Prompted by a now-obscure Gary Hart gaffe (the candidate dissed New Jersey and proceeded to lose its primary), Kinsley wrote that “journalists record each new gaffe, weigh it on their Gaffability Index (‘major gaffe,’ ‘gaffe,’ ‘minor gaffe,’ ‘possible gaffe’ . . .), and move the players forward or backward on the game board accordingly.”
But the 2012 campaign, more than any I can recall, feels like all gaffe all the time. The curve for what counts as a gaffe has been dramatically lowered. Meanwhile, attention to the most minor of gaffes has been enhanced to deafening levels, drowning out, or at least taking the place of, other discussion.

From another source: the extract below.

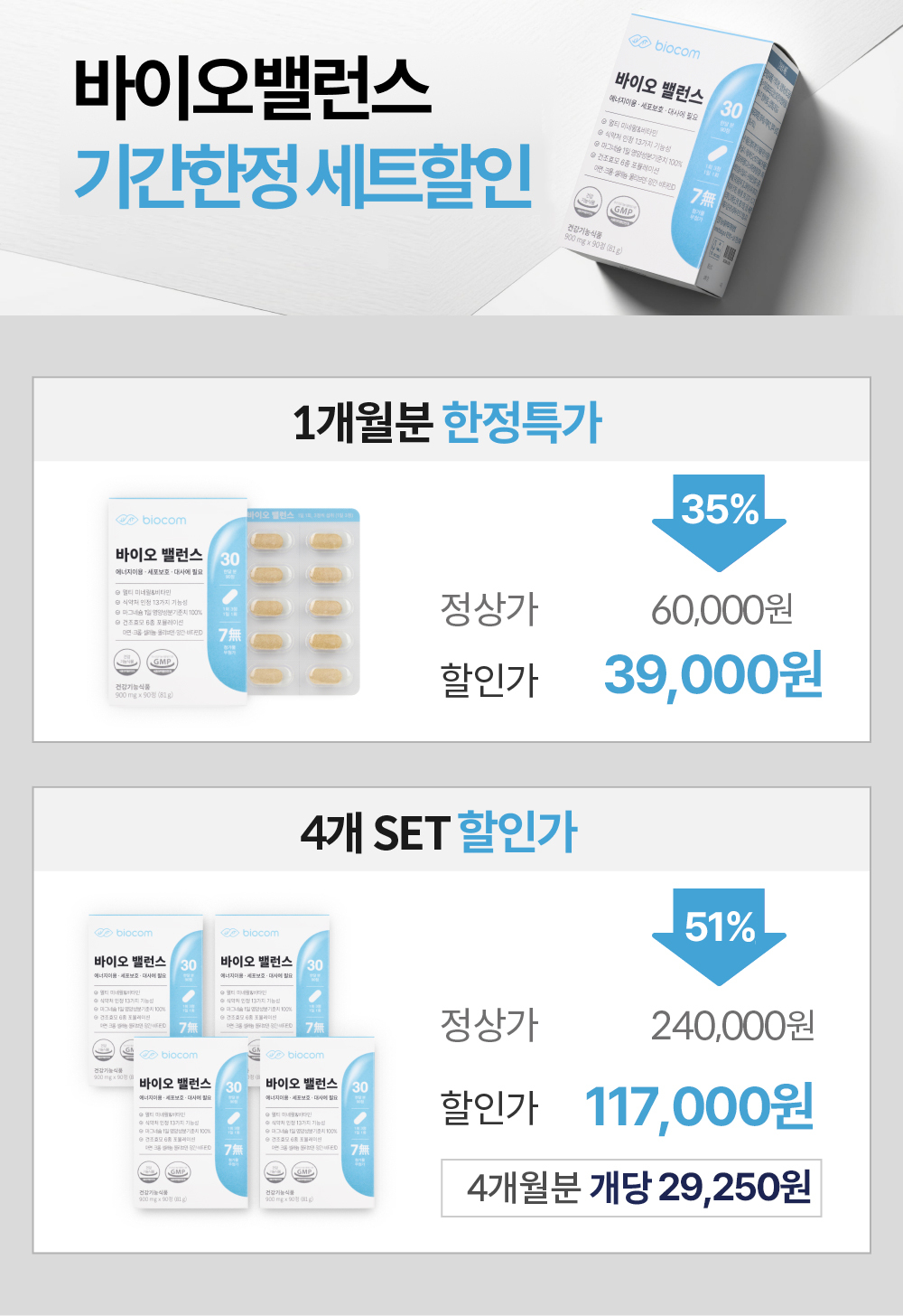 | ※ 안심환불 방법 해당제품: 바이오밸런스, 클린밸런스 , 풍성밸런스, 뉴로마스터, 다래케어 , 메타드림 해당제품 외 다른 제품은 안심환불에 해당 되지 않습니다 | • 환불 조건 1. 제품 수령 후 30일 동안 꾸준히 섭취하신 경우에 환불 가능합니다. 2. 환불 신정은 제품 수령 후 40일 이내에 신청이 가능합니다. 3. 복수 구매 또는 세트 상품 구매 시 동일 종류의 1개만 개봉한 경우 전액 환불이 가능합니다. (ex. 5개 구매 후 1개만 개봉 시 5개 전액 환불, 5개 구매 후 5개 모두 개봉 시 1개만 환불) 4. 왕복 배송비는 고객님 부담입니다. • 환불 신청 1. 바이오컴 1:1 채팅 상담에 '30일 체험 후 환불 신청합니다' 문구와 함께 상품명, 구매일, 구매자 성함, 구매자 연락처, 환불 받으실 계좌번호, 환불 요청할 제품의 상태 사진을 남겨주세요. 2. 사진 확인 및 답변을 받은 후 왕복 배송비 6,000원을 아래 계좌로 입금해주세요. 계좌 : 기업은행 988-020725-04-013 (주)바이오컴 3. 배송비 입금이 확인된 후 제품 회수가 진행됩니다. 4. 상품 상태 확인 후 환불 처리가 완료됩니다. |

There are several interlocking explanations for this development:
●The 24/7 news cycle and the constant need for fresh nuggets of supposed news to toss out.

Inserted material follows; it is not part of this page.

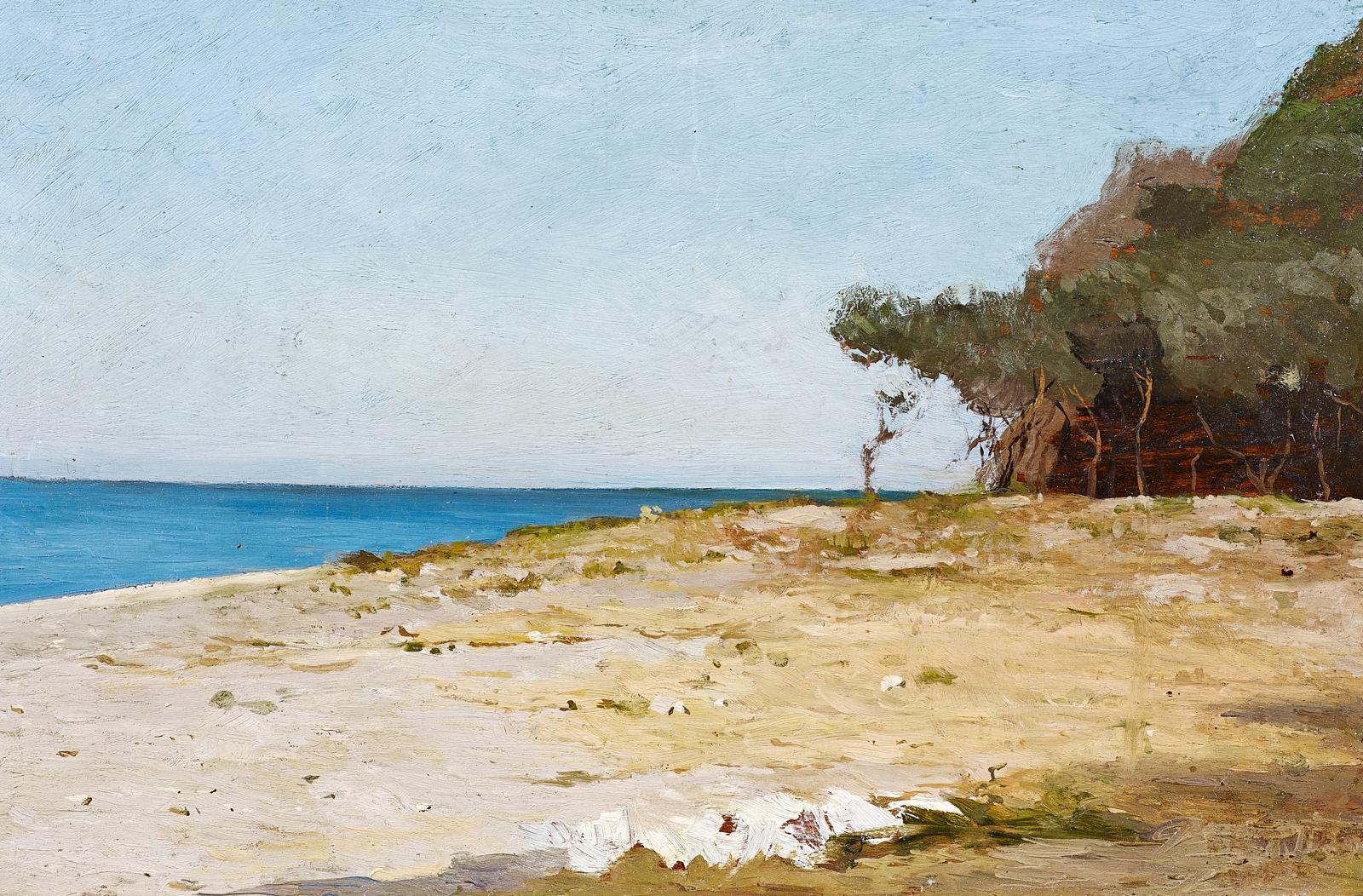 An der Küste. Öl auf Holz. 20 x 31cm. Rahmen.

●The ubiquity and intrusiveness of technology — cell phones and cameras yielding multiple “Macaca” moments — combined with the hyper-connected capacity for instantaneous dissemination.
●Intellectual laziness (how much easier to critique a candidate’s gaffe than to dissect his tax plan) on the part of the press corps.

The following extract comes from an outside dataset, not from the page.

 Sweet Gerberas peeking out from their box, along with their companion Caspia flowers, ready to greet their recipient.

●Policy voids (wait, these candidates don’t actually have tax plans!) on the part of the campaigns.
Should gaffes matter? Do they? Yes, but with reservations. Gaffes can expose candidates’ factual ignorance or intellectual shortcomings (see you later, Rick Perry and Herman Cain). Gaffes can reveal candidates’ characterological failures as well — a tendency to self-important puffery, undisciplined bloviating or politically convenient shape-shifting. Indeed, the more the gaffe, real or imagined, reinforces the preexisting image of the candidate, the greater damage it will inflict. Ask Dan Quayle about spelling “potatoe.”
So there is a legitimate place for gaffe coverage — in perspective. Take Romney’s not-so-excellent European vacation. His mildly derisive comment about preparations for the London Olympics was dumb, even if it fit the classic Kinsleyian definition of gaffe as a politician saying something truthful in public. But unless the United Kingdom has previously unknown electoral votes, this episode seems destined to be much-noted but not long remembered.
Add in Romney’s Israel comments, though — that Israeli “culture” may help explain differences in “economic vitality” between Israel and the Palestinian Authority — and you do have to wonder about Romney’s consistent ham-handedness. How many foreign leaders can you annoy on one trip? Imagine what Republicans would have done if Obama had been similarly clumsy in the course of his foreign trip during the 2008 campaign.
So I’m not against gaffe coverage — I’m against covering only gaffes, which is where campaign reporting seems to be trending. I’m not against politicians’ seizing on opponents’ gaffes — I’m against politicians who believe, or act as if they believe, that this tactic can substitute for substantive campaign discussion.
There is a dangerous mismatch between the seriousness of the moment and this too-often-dominant form of political discourse. Americans like to think we choose presidents on the basis of who has the best vision for leading the country. We are at risk of electing the candidate least apt to make a clumsy remark.